Good morning!
A new study from Boston Consulting Group’s Henderson Institution think tank and academics at four top business schools, including Harvard Business School and MIT Sloan School of Management, provides some early insight into the benefits of generative AI when used for the right tasks—and the destruction it can create when used for the wrong ones.
Researchers experimented on more than 750 BCG consultants, assessing ChatGPT-4's efficacy in assisting them on two different tasks. The first task, “creative product innovation,” asked the test subjects to brainstorm ideas for a new product, develop a business case, test and launch the product, and create a marketing campaign. The second task, “business problem solving,” asked subjects to fix a fictitious company’s challenges, assess business performance data, and analyze an interview transcript with company executives.

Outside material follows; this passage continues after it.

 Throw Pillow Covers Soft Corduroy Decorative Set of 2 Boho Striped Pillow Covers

The findings show a 40% performance boost for consultants using the chatbot for the creative product project, compared to the control group that did not use ChatGPT, but a 23% decline in performance when used for business problem-solving.

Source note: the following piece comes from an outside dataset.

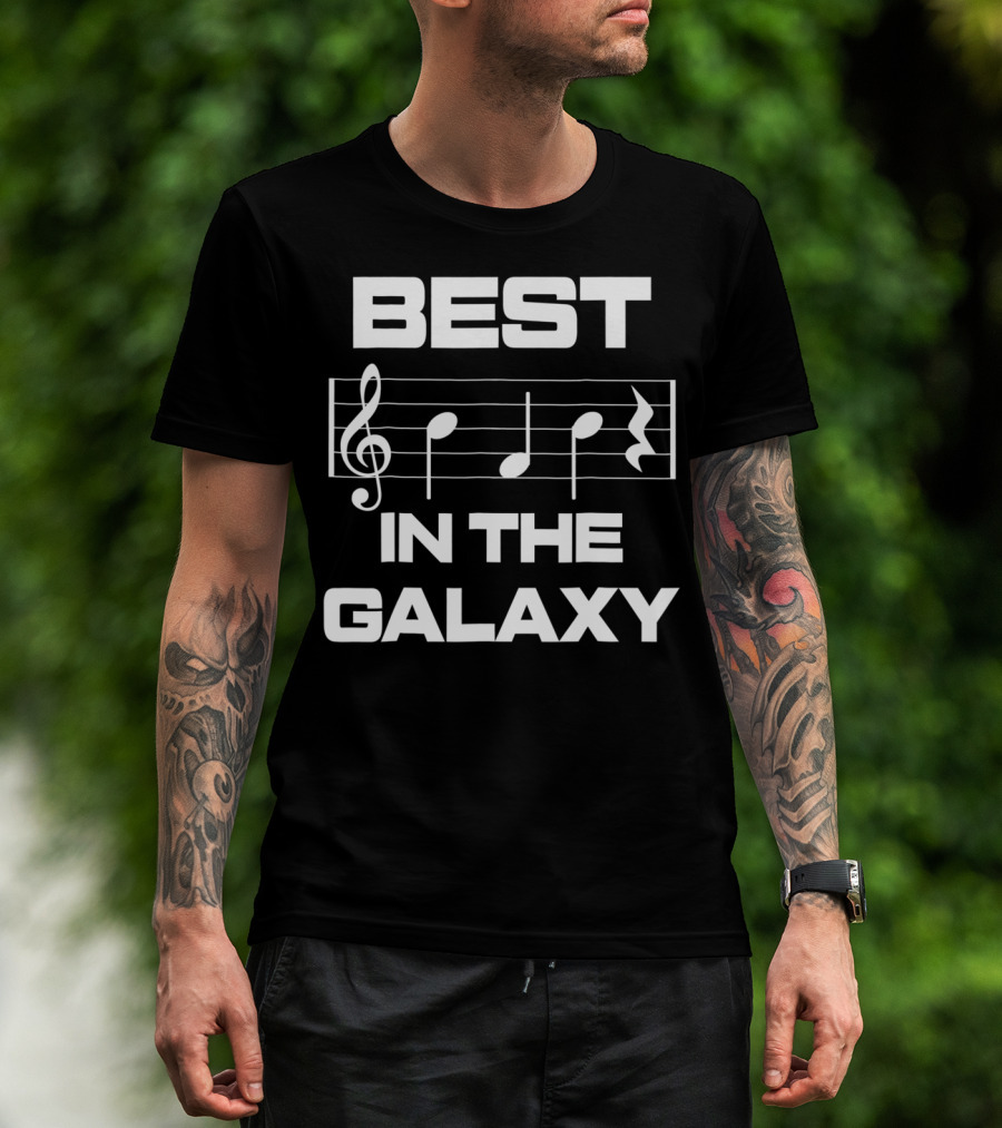 Best Dad In The Galaxy Musician Bass Clef Notes T-Shirt

The chatbot likely performed better with the creative project because it’s easier for large language models (LLMs) to develop innovative, novel, or valuable ideas due to the large swath of data they’re trained on. Meanwhile, the chatbot decreased business problem-solving performance because LLMs are more prone to error when analyzing quantitative and qualitative data to solve complex problems.
The researchers found that ChatGPT enhanced the performance of nearly all (90%) consultants who used it for the creative product assignment. But that boost was more prominent among low-performing employees, who saw a 43% performance increase when using the chatbot versus a 17% increase for top-performing employees.
There was also a 41% decline in the diversity of thought when using generative AI for the creative product assignment because ChatGPT churned out similar responses to prompts.
For HR leaders, the findings underscore the need for strategic workforce planning, namely, the human capabilities a company will need and how AI can best drive that performance.
“We're just scratching the surface of this revolution. And this is why it's fascinating to be a CHRO at the moment because you will be in a position to really lead on [human-AI interactions],” says Francois Candelon, global director of BCG’s Henderson Institute. “To experiment, to understand how it works, who I should hire, what capabilities I need over time, and so on. So it's a lot of work for CHROs.”